Participants in Arm A and in Arm B will be enrolled into the Dose Escalation Part and the doses of mRNA-2752 will be administered in a dose escalation regimen until a maximum tolerated dose (MTD) or a recommended dose for expansion (RDE) is identified. When the MTD/RDE is identified, participants with visceral lesions may be enrolled into the Dose Confirmation Part to confirm that the dose is also appropriate for this subgroup.
Once the MTD/RDE is identified in the Dose Escalation/Dose Confirmation Parts, participants in Arm B will be enrolled into the Dose-Expansion Part in order to assess the preliminary anti-tumor activity of mRNA-2752 in combination with durvalumab.

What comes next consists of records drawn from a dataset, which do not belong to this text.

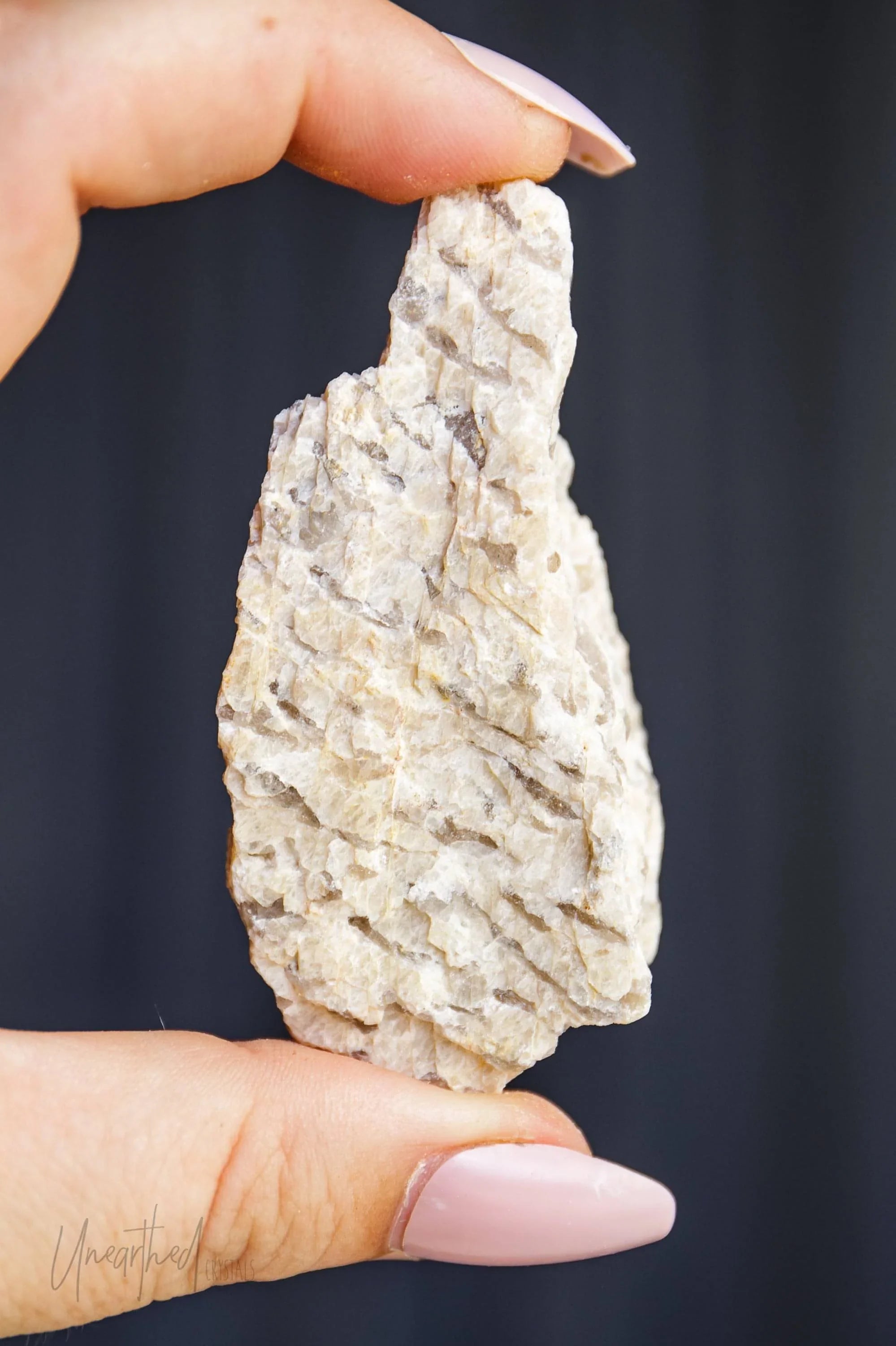 Graphic Moonstone is like the grounding big sibling of traditional moonstoneâstill dreamy and intuitive but with a stabilising twist. This unique crystal is a natural fusion of smokey quartz embedded within feldspar, creating a striking appearance that symbolises its duality: balancing the ethereal and the earthly.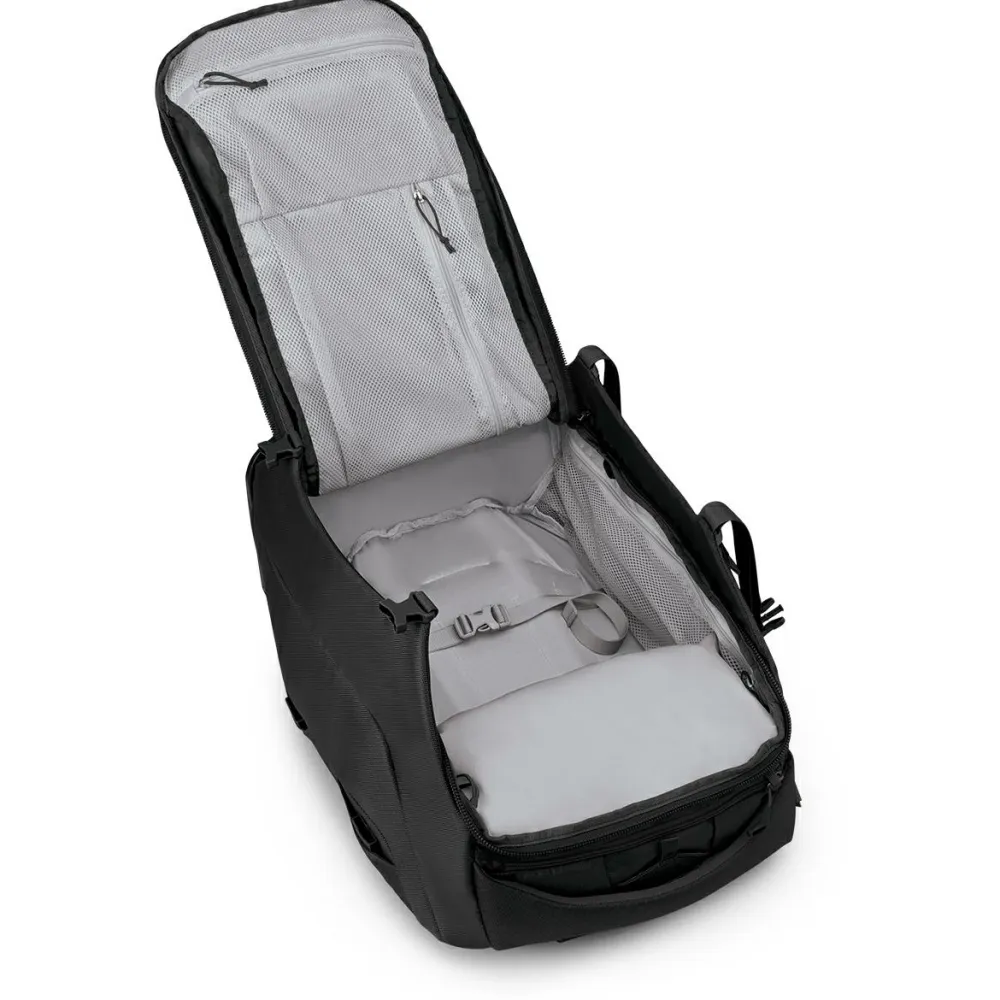 Mehrere Taschen im Inneren sorgen auf der nächsten Urlaubsreise für Ordnung. Die Außentasche mit Reißverschluss lässt sich unterwegs bequem erreichen. Dank der pfc-freien DWR Imprägnierung ist das Obermaterial gegen die Aufnahme von Feuchtigkeit geschützt. Die vielseitige Osprey Shuttle 45 Reisetasche bietet Dir viel Stauraum und macht Deine nächste Flugreise in den Süden zu einer komfortablen Angelegenheit.
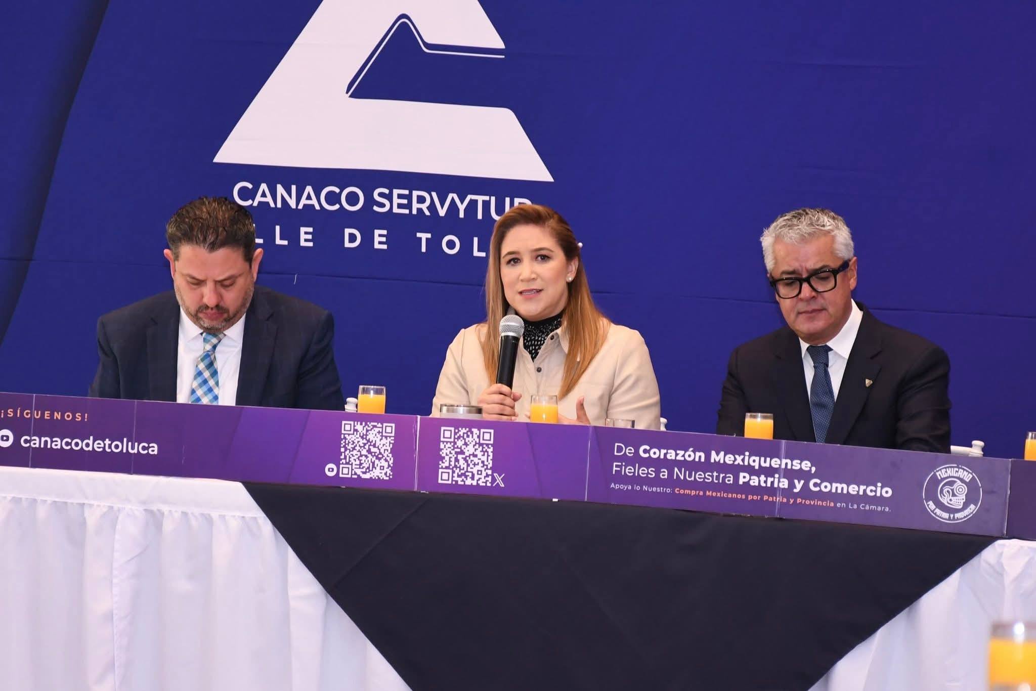 Durante su participación en la Segunda Sesión del Consejo de CANACO Toluca, la presidenta municipal de San Mateo Atenco agradeció al presidente del organismo empresarial, Fernando Reyes Muñoz, por la invitación y reconoció el impulso al programa de asesoría gratuita orientado a fortalecer la digitalización de fabricantes nacionales y marcas de moda y calzado en México.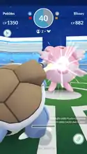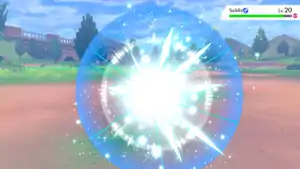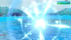 Duosion's entire body glows gold with silver sparkles around it. The silver sparkles grow larger and a gold outline appears around them as well. A golden orb of energy then forms in front of Duosion's body. The silver sparkles then sink into the orb, as well as the gold glow, and Duosion fires a white and light blue beam of energy from the orb at the opponent. | ||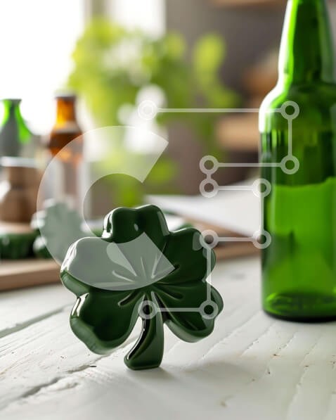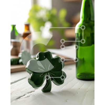 Υπάρχει δυνατότητα προσωποποίησης με δική σας φωτογραφία και προσαρμογής διαστάσεων κατόπιν παραγγελίας. Το συγεκεριμενο puzzle παρουσιαζει Η εικόνα δείχνει ένα πράσινο μπουκάλι μπύρας να κάθεται στο τραπέζι δίπλα σε δύο σουβέρ σε σχήμα τριφυλλιού. Υπάρχει επίσης ένα άδειο γυάλινο μπουκάλι κοντά, το οποίο θα μπορούσε να χρησιμοποιηθεί για την αποθήκευση ή το σερβίρισμα της μπύρας. Επιπλέον, υπάρχουν πολλά μπουκάλι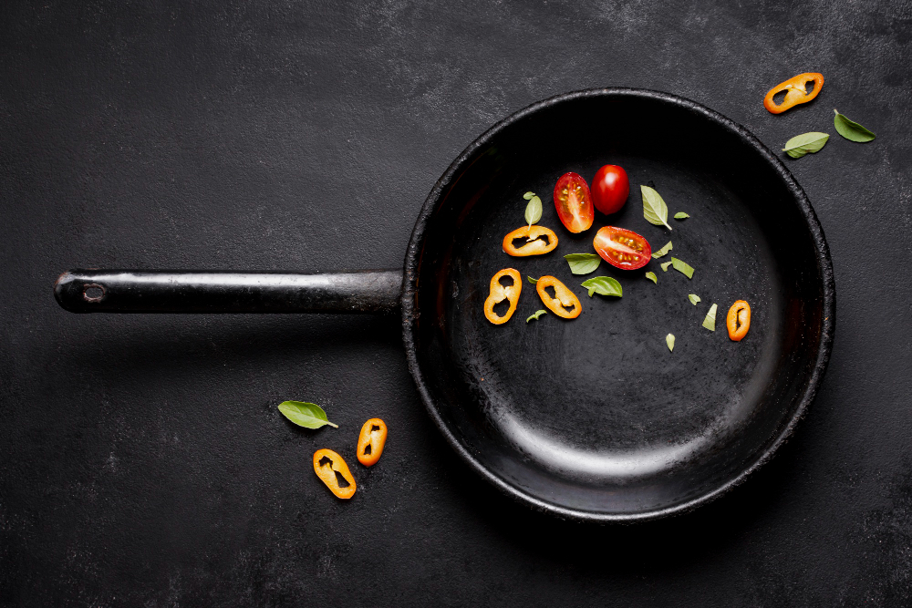 Если положить на сковороду сразу всё, что есть, — тоже ничего хорошего не выйдет. Температура падает, продукты отдают воду, и снова та же история. Лучше жарить в два захода, чем потом полдня отмывать стены и варить от запаха волосы.
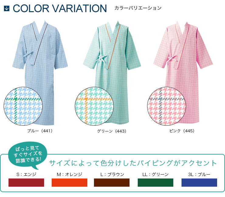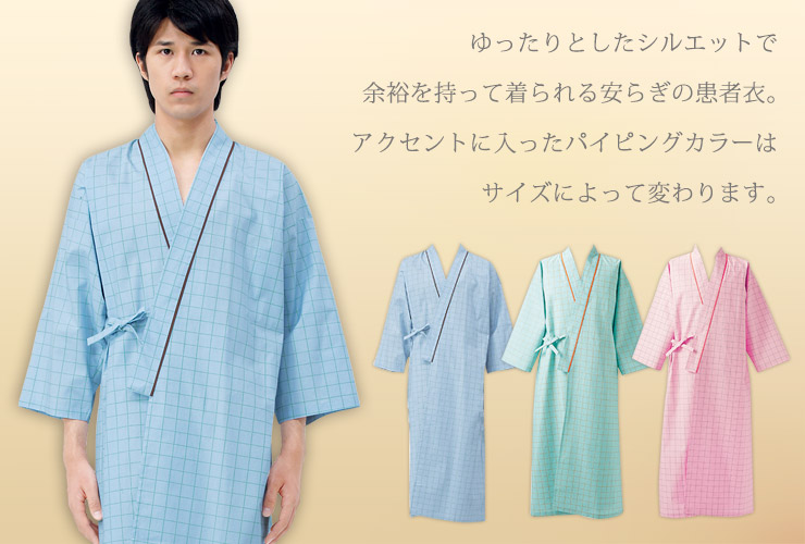 ゆったりとしたシルエットで余裕を持って着られる安らぎの患者衣は、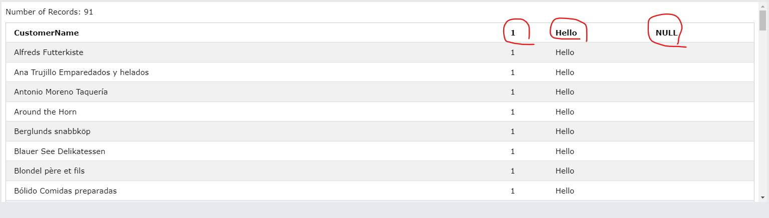 - CostomerID 를 ID라는 별칭으로, CustomerName 을 NAME 이라는 별칭으로, Address 를 ADDR 이라는 별칭으로 가져오기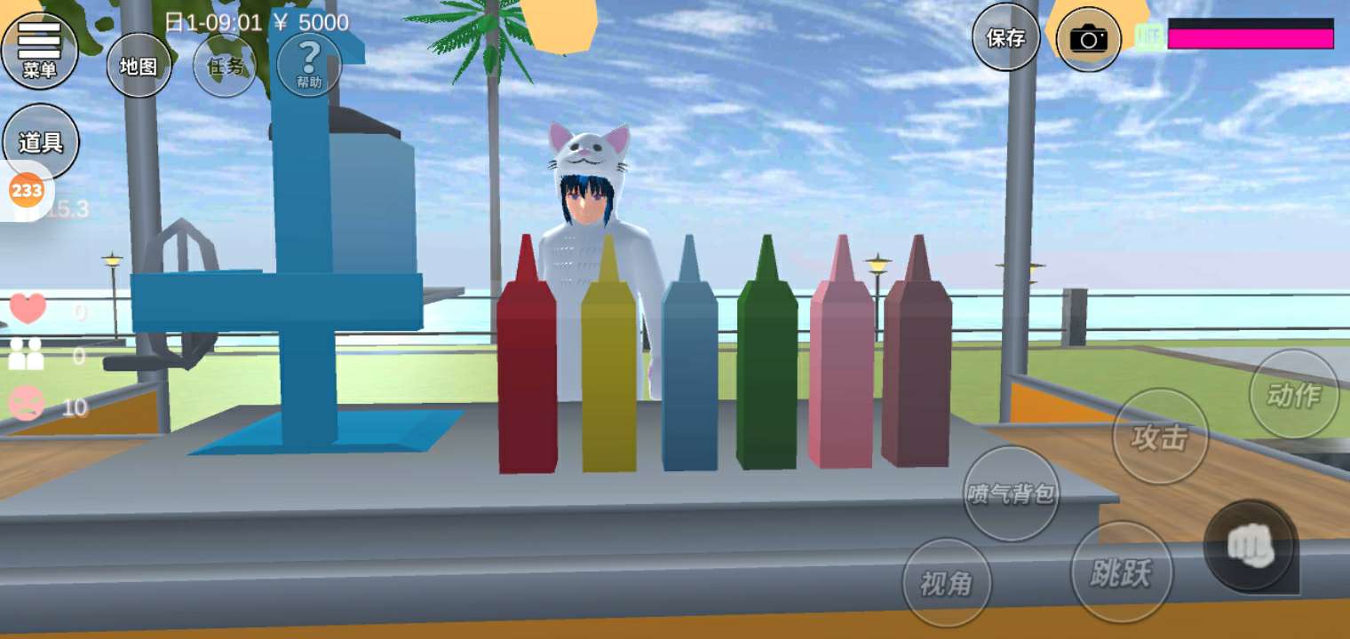 首先来到黑帮。去到黑前面骑车。把车开到黑帮里面,点攻击就可以了😊

Following completion of 6 cycles of mRNA-2752, participants may continue with durvalumab alone until disease progression, unacceptable toxicity, or 24 months of treatment (total), whichever is sooner. If a participant is experiencing clinical benefit and it is in the participant's best interest, in the opinion of the Investigator, dosing of mRNA-2752 may continue beyond Cycle 6 (up to 24 total months of treatment) after approval from the Sponsor.
18 Years and up
Accepting Healthy Volunteers?
- Written informed consent prior to completing any study-specific procedure
- Histologically confirmed advanced or metastatic disease with at least 1 measurable lesion as determined by Response Evaluation Criteria in Solid Tumors (RECIST) version 1.1 or Cheson 2016 criteria
- Dose Escalation/Confirmation:
o Has disease progression after adequate standard of care therapies for metastatic disease that are known to confer clinical benefit, is intolerant to treatment, or refuses standard treatment (no limit to prior lines of therapy)
- Dose Expansion:
- Group 1 Triple negative breast cancer: Must have objective evidence of disease progression during or following at least one prior line of therapy for metastatic or locally advanced disease
- Group 2 Head and neck squamous cell carcinoma: Must have objective evidence of disease progression during or following platinum-containing chemotherapy as well as a programmed death -ligand 1 (PD-1/L1) therapy
- Group 3 Non-Hodgkin's lymphoma: Must have objective evidence of disease progression following an anthracycline containing chemotherapy regimen, as well as an anti-CD20 monoclonal antibody unless CD20 is determined to be negative. Participants with transformed follicular lymphoma must have received prior chemotherapy for follicular lymphoma and subsequently have chemorefractory disease after transformation to diffuse large B-cell lymphoma (DLBCL)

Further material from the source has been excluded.